From my observation, the change happened with Windows. Not was was a GUI, things apart from batsock mainly 'just worked' (except when they didn't) and it was no longer necessary to be required to peer into the (albeit high level) bones of a computer.
And this was true before DOS, C64, Spectrum also offered somewhat hands-on experiences.
But... perhaps not so obviously in Windows-land, if I were giving a kid a computer I'd make sure it was Linux as the command line's not far away, and encourage use of it to get an implicit understanding of what's happening - again a somewhat higher level understanding than creating a RISC-V chip, but more-so than 'right click on the desktop to change wallpaper' - use mkdir to create a directory, understand repositories and how everything's a human-readable text file. Basic stuff with GNU tools, then a little scripting, perhaps some Python.

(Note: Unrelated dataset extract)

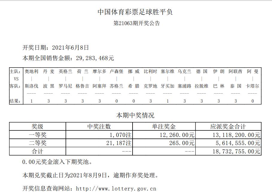 首页/ 赛事正文北京时间6月8日上午第21063期胜负彩开奖,一等奖1070注,单注奖金12260.00元,二奖金21187注,单注奖金265.00元。
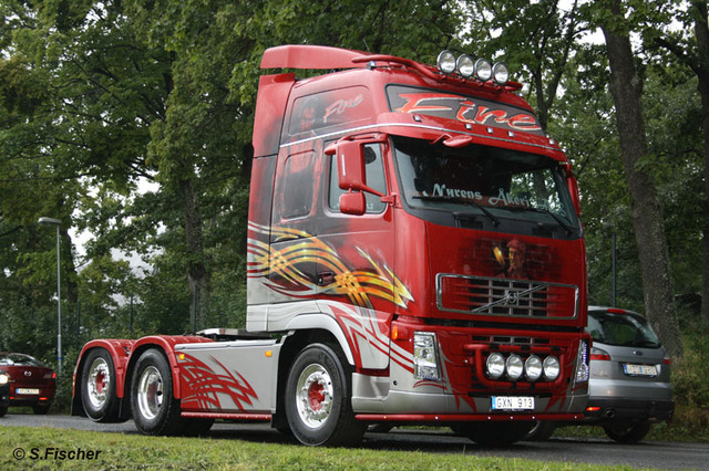 Meistens sind diese Feste auch schöner für alle, sowohl für die Jungs mit den Autos, als auch für die zum Knipsen, denn in Jönsköpping ist das Gelände eingezäunt, es besteht nur Zutritt während der Öffnungszeiten der Messe, ansonsten laufen da scharfe Hunde rum und aus eigener Erfahrung weiß ich, das man auf den Festen die auserhalb stattfinden die LKW´s früh morgens in Ruhe und ohne störende Zuschauer erwischen kann, oder beim Putzen mit den Fahrern und Besitzern in Ruhe etwas plauschen oder die Jungs auch Nachts ihre Lightshows abziehen.

I was also 12 and found a magazine (ala SciAm) which had a small program snippet to compute a number in it. My buddy knew enough to tell me that it was Basic and my computer came with QBasic.

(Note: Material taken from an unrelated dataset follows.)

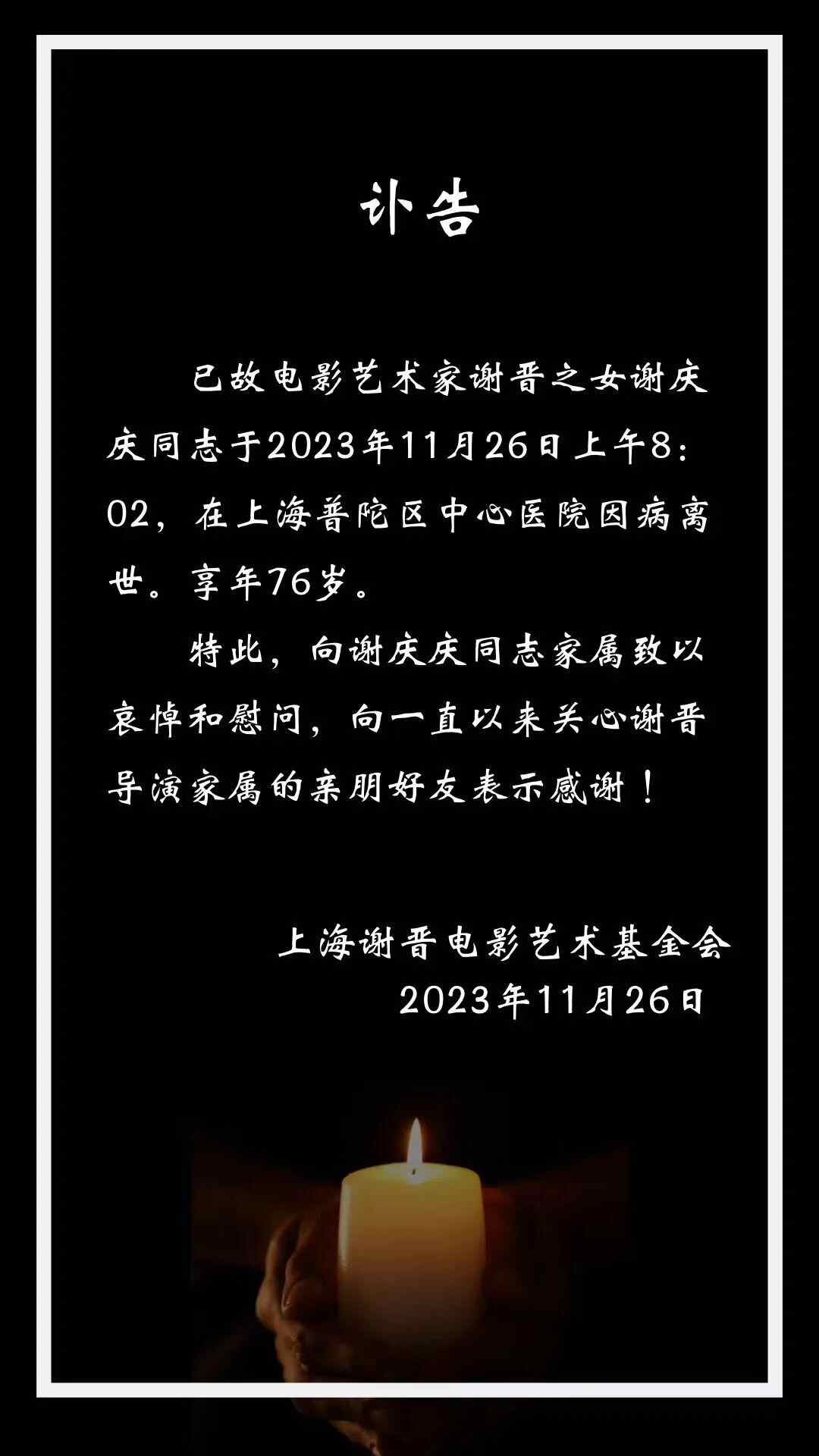 随后,上海谢晋电影艺术基金会发出讣告,证实谢庆庆去世消息。

I didn't have anyone else to ask, didn't know about any computer clubs (and didn't think to ask). So I got very familiar with the built-in help. Spent hours looking through the help until I found the one I needed.

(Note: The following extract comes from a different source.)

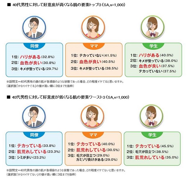 マンダムは10月18日、40代男性の身だしなみに関する調査結果を発表した。調査は7月、20〜49歳の働く男女(以下、同僚)600名、25〜44歳の子どものいる既婚女性(以下、ママ)200名、高校生〜大学院生の男女(以下、学生)200名を対象に、インターネットで行われた。
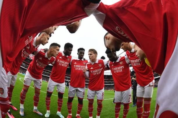 LONDON, ENGLAND - FEBRUARY 11: The Arsenal team huddle before the Premier League match between Arsenal FC and Brentford FC at Emirates Stadium on February 11, 2023 in London, England. (Photo by Stuart MacFarlane/Arsenal FC via Getty Images)

Didn't help that I started learning English only a year before, so had no idea what most of the help said anyway. I vividly recall spending a week figuring out how to loop indefinitely. Finally I got to "while". Was so pleased when it worked.
A bit later my buddy got a modem, and with that BBS access, so he downloaded snippets for me and programming articles, and things accelerated.
On the bright side, finding and reading documentation is now one of my strong points. Hanging on IRC I could usually help others within minutes with libraries I'd never even heard of, simply by diving into the documentation for a bit.
I went to my local home computer club when I was around 12 to soak up information beginning of the 80s; there were all these guys (only guys) there much older than me who knew everything and liked helping a kid who, by then, knew how to program basic, asm + pascal. They taught me eprom programming so I could swap out the basic rom, programming BBS software (I wrote a few BBS systems for myself after that; I had hosted a BBS since age 10 and it was always cool to have different features etc than the rest) and making cartridges for all kinds of purpose.
Before that I got most from magazines & books; my grandparents took me to fire sales (lot of magazines there) and 'rubbish sellers' (not sure of the english word), for instance, Phillips had a quarterly 'dump' sale under the football stadium; all kinds of electronics, books etc could be had there for next to nothing (money earned with strawberry picking in the summer went to those places). I bought scopes, ham radios etc and documentation there. And my father got me books that were damaged from work (mostly C, Pascal, later Clipper and other things).
I got my first certification at the age of 15. It is truly amazing what young people can achieve nowadays, as long as they are surrounded with the right people and technologies. I read something some time ago, where a 13-year-old built a fusion reactor in his home.
I recall discussing that Farnsworth–Hirsch fusor build with a particle physicist friend and from looking at the (very unshielded) apparatus we felt that it was extremely dangerous to operate for a lot of reasons (chiefly, but not nearly only, the neutron flux). Impressive work but really unwise.
I’m equally happy for all of them that they live in a day and age where it is possible for them to explore their hobbies to these great lengths.